Closed chenzhenbupt closed 3 months ago
Thanks @chenzhenbupt , do you mind create an example python case in qwen 1.5 8b that reproduces the issue? Including how you run the baseline and how you run through the MLC API
it would be helpful to check if it is due to chat template or other settings.
Thanks @chenzhenbupt , do you mind create an example python case in qwen 1.5 8b that reproduces the issue? Including how you run the baseline and how you run through the MLC API
it would be helpful to check if it is due to chat template or other settings.
Thanks for your reply, the inference code is:
def main():
# Create engine
model = "./mlc-llm/qwen1.5_1.8b_intent_model_mlc_q0f32/"
engine = MLCEngine(model)
label2id = {'天气': 0, '视频': 1, '美食': 2, '景点'}
labels = ['天气', '视频', '美食']
predicts = []
gts = []
for line in open('./Qwen1.5/qwen_test_intent.jsonl', 'r'):
try:
line = line.strip()
chats = json.loads(line)
query = chats['messages'][0]['content']
gt = chats['messages'][1]['content']
# Run chat completion in OpenAI API.
resp = engine.chat.completions.create(messages=[{'role': 'system', 'content': '你是一个智能助手。'}, chats['messages'][0]], model=model, stream=False)

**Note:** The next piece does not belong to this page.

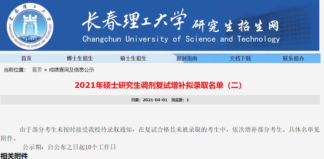 以上就是“2021考研擬錄取名單:長春理工大學2021年碩士研究生調劑復試增補擬錄取名單(二)”的全部內容,更多錄取名單相關內容點擊2021考研擬錄取名單:全國各大院校2021年碩士研究生擬錄取名單匯總!查看詳情!

resp = resp.choices[0].message.content
gts.append(label2id[gt])
predicts.append(label2id[resp])
except KeyboardInterrupt:
print('[WARNING] Generation interrupted')
continue
cm = confusion_matrix(gts, predicts)
print(cm)
conf_matrix = pd.DataFrame(cm)
# 2.计算accuracy
print('accuracy_score', accuracy_score(gts, predicts))
print('Micro precision', precision_score(gts, predicts, average='micro'))
print('Micro recall', recall_score(gts, predicts, average='micro'))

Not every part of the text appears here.